= Joubert's theorem =

In polynomial algebra and field theory, Joubert's theorem states that if $K$ and $L$ are fields, $L$ is a separable field extension of $K$ of degree 6, and the characteristic of $K$ is not equal to 2, then $L$ is generated over $K$ by some element λ in $L$, such that the minimal polynomial $p$ of λ has the form $p(t)$ = $t^6 + c_4 t^4 + c_2 t^2 + c_1 t + c_0$, for some constants $c_4, c_2, c_1, c_0$ in $K$. The theorem is named in honor of Charles Joubert, a French mathematician, lycée professor, and Jesuit priest.

In 1867 Joubert published his theorem in his paper Sur l'équation du sixième degré in tome 64 of Comptes rendus hebdomadaires des séances de l'Académie des sciences. He seems to have made the assumption that the fields involved in the theorem are subfields of the complex field.

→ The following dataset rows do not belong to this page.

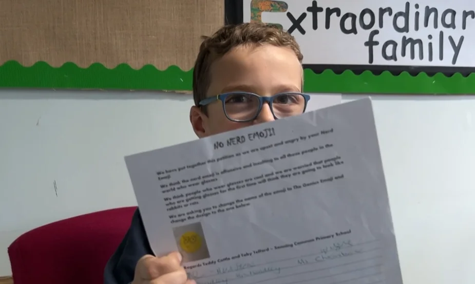 Teddy, de 10 anos, morador de Peppard, Oxfordshire, iniciou uma campanha pedindo que a Apple altere o emoji de óculos, que ele considera “ofensivo e insultante”. Segundo o garoto, a versão atual, com dentes frontais proeminentes, passa uma imagem negativa de quem usa óculos.
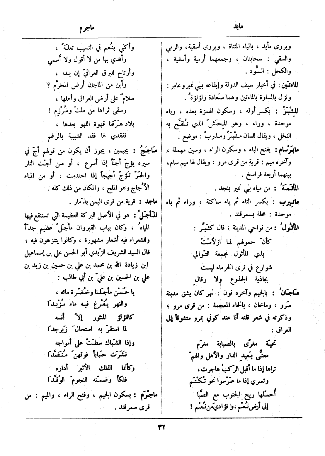 يا حسن مأجلنا وخضرة مائه، ... والنهر يفرغ فيه ماء مزبدا
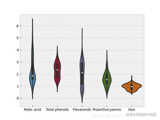 小提琴图是箱形图的一种增强表示,它以y轴为密度来绘制密度估计量的情况。绘图中对密度做镜像并反转(即核密度函数),并填充所生成的形状,由此生成了一个类似小提琴的图形。
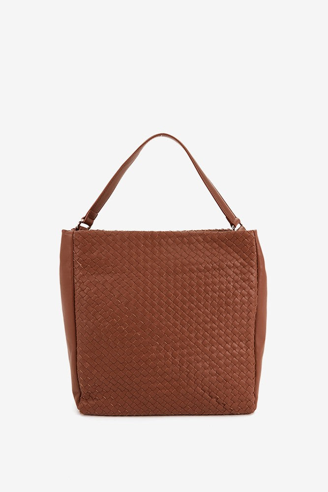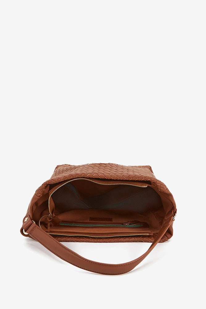 Bolso hobo de mujer en piel Premium trenzada artesanalmente y elaborado en Italia. Un diseño amplio, perfecto para el día a día, teñido en colores otoñales muy fáciles de combinar y de inspiración mediterránea.
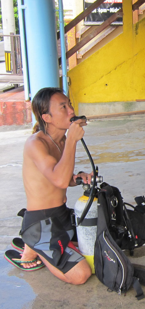 穏やかなトークと、ゆったりダイビングでお客様を虜にする。
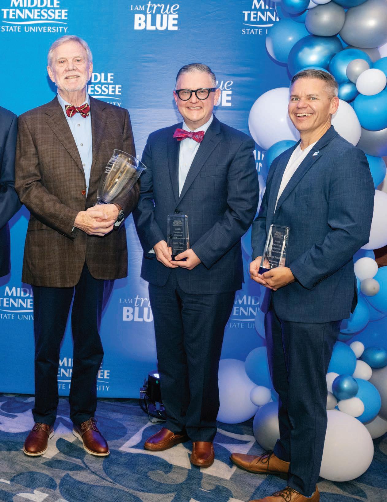 MTSU welcomed three new members to its Board of Trustees in September. The newest members, each serving six-year terms, are John Floyd of Murfreesboro, founder and owner of Ole South Properties; Jimmy Granbery of Nashville, chair and CEO of H.G. Hill Realty; and Chad White of Murfreesboro, executive vice president, general counsel, and secretary at Brookdale Senior Living. The board was recently expanded from eight to 10 appointed members. Also in September, the University celebrated and thanked outgoing trustee, alumna, and accomplished businesswoman Pam Wright, an inaugural board member who served since 2017.
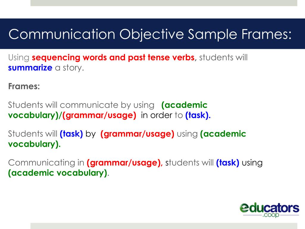 Communication Objective Sample Frames: Usingsequencing words and past tense verbs, students will summarizea story. Frames: Students will communicate by using (academic vocabulary)/(grammar/usage)in order to (task). Students will (task) by(grammar/usage) using (academic vocabulary). Communicating in (grammar/usage),students will (task) using (academic vocabulary).

Using arithmetic properties of hypersurfaces, Daniel F. Coray gave, in 1987, a proof of Joubert's theorem (with the assumption that the characteristic of $K$ is neither 2 nor 3). In 2006 Hanspeter Kraft gave a proof of Joubert's theorem "based on an enhanced version of Joubert’s argument". In 2014 Zinovy Reichstein proved that the condition characteristic($K$) ≠ 2 is necessary in general to prove the theorem, but the theorem's conclusion can be proved in the characteristic 2 case with some additional assumptions on $K$ and $L$.